Они замолчали. Леночка доедала свое мясо, поддевала на кусочек хлеба салат, запивала соком. Аппетит пропал совершенно, еда не лезла в горло, но обижать мужа не хотелось. Он так старался провести тот редкий выходной, который у него случился, вместе с ней. Выбирал на рынке телятину, овощи, самолично жал сок из апельсинов, чтобы не покупать магазинный.
И погода для конца сентября великолепная. Солнечно, тихо, в меру прохладно. Странно, но позолоты бабьего лета еще не видно. Зелень, настрадавшаяся вволю летними знойными месяцами, всюду зелень. И свежая трава настырно теснит свой же высохший в июле пласт. И листва, стряхнув пожухлую усталость, кажется по-майски свежей. Нет, совсем на сентябрь не похоже.
– А зачем он Вострикову убил, Данила? – встрепенулась Леночка, вздрогнув от выстреливших в воздух искр.
– А затем, милая, что боялся! Страх сковывал Хлопова по рукам и ногам. Всю жизнь он был трусливым подонком. Он... Короче, после визита Бабенко к нему домой он мучительно размышлял, как отвести от себя подозрения. Не дурак же, понимал, что его трюк с телефонным разговором во время футбольного матча может быть разгадан. Маловероятно, но доля риска сохранялась. Он начал следить за домом Востриковой, прекрасно зная, что та никуда не уехала, а сидит дома, зализывает раны, нанесенные ей Машей. А когда та помчалась к Саше Углиной, перепугался окончательно. А вдруг Маша что-то в момент их встречи выболтала? Вдруг что-то про ожерелье рассказала? Или еще что-нибудь такое, что падет тенью на него – Хлопова. Он подстерег ее на обратной дороге, начал с ней говорить, расспрашивать. Та заартачилась, даже попыталась закричать, он ее и... Уже когда душил, решил, что это убийство снова ему на руку. Никто не свяжет смерть девушки с ним. Как раз наоборот! Частички кожи под ногтями убитой Маши – Танины, в гости она ходила к дочери убитой. Могла проболтаться. А та решила отомстить. Вот взяла и удушила соперницу матери, а возможно, и убийцу.
– Да-а-а!!! – Леночка, зажмурившись, покрутила головой. – Как все замысловато! Как все... Как все страшно продумано!!! Не явись вы вовремя к нему домой или спрячь он деньги понадежнее, никто не доказал бы ничего.
– Никто и никогда, – согласно покивал Данила, перевернул мясо, побрызгал на запекшиеся от решетки рубцы лимонным соком. – Лялька помогла, конечно. Она, как увидала сумку с деньгами и чемодан распахнутый, позеленела просто. Ага, говорит, без меня намылился срулить! Что тут началось!!! Еле отбили их друг от друга.

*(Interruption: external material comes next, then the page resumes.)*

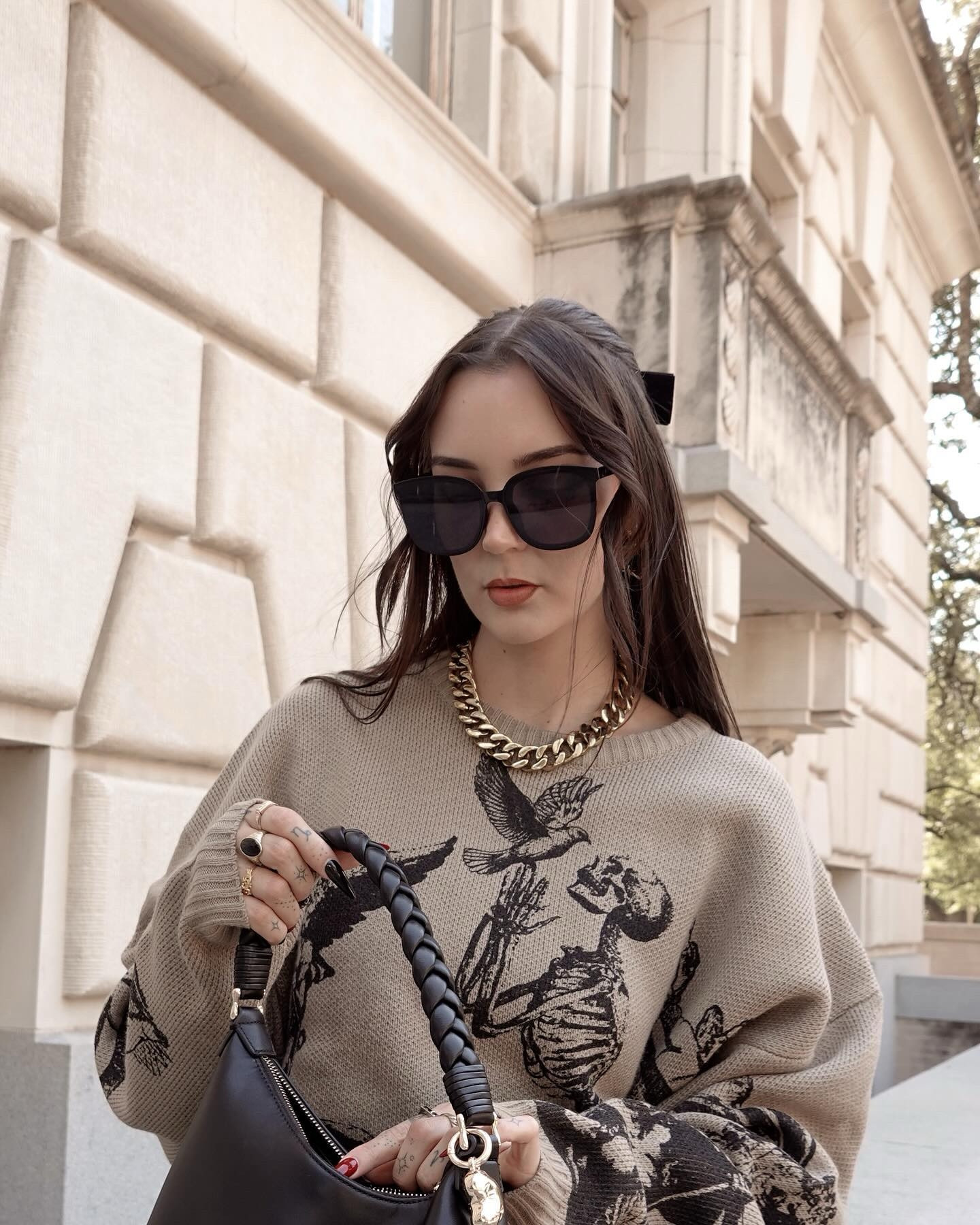 – The chunky gold chain and sleek black sunglasses add a bold, sophisticated touch.

Она потом все под протокол рассказала. Хлопов какое-то время посопротивлялся, но, когда серии и номера купюр из его сумки совпали с украденными много лет назад, сдулся сразу как-то и начал тарахтеть, только успевай записывать.
– Участковый тоже молодец, да? Он ведь тебе сразу говорил, что что-то нечисто вокруг этого романа Хлопова с Машей. И секретаршу школьную провоцировал, попросив напечатать ложный донос на Машину дочку.

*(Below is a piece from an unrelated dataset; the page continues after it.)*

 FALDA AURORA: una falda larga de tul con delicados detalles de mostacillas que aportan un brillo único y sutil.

– Да, это он мудрец такой, решил таким образом их раскрепостить. Мол, успокоятся, вожжи отпустят, наследят непременно. Потом он еще со своим старым приятелем связался, тот контролером на зоне много лет отработал. Он ему все детально рассказал и попросил навести справки про Степушкина. Вот не давало покоя Павлу Степановичу Бабенко, что же именно могло привлечь такую молодую и шикарную бабу, как Лялька, в старом пне – Степушкине.
– И что старый приятель?
– А тот ему прямо накануне понедельника воскресным вечером позвонил и сказал, что в зоне долго обсуждали то неудавшееся ограбление инкассаторов и то, что Степушкин был будто в деле. Должен был замки на машине открывать, но, мол, его искусство не потребовалось. Машину сами инкассаторы открыли. Но будто бы к деньгам он никакого отношения не имел и сел потом сразу же за мелкое воровство, жрать было не на что. Так, мол, калякали отдельно и тихо очень, что Гога хитрый старый лис и что сначала цацки антикварные странным образом пропали, потом вот денег тьма. Но быстро замолкли, потому что Гога в дурку после последней ходки угодил, а про ограбление, мол, менты воду сами мутят. Деньги целы, провокация это.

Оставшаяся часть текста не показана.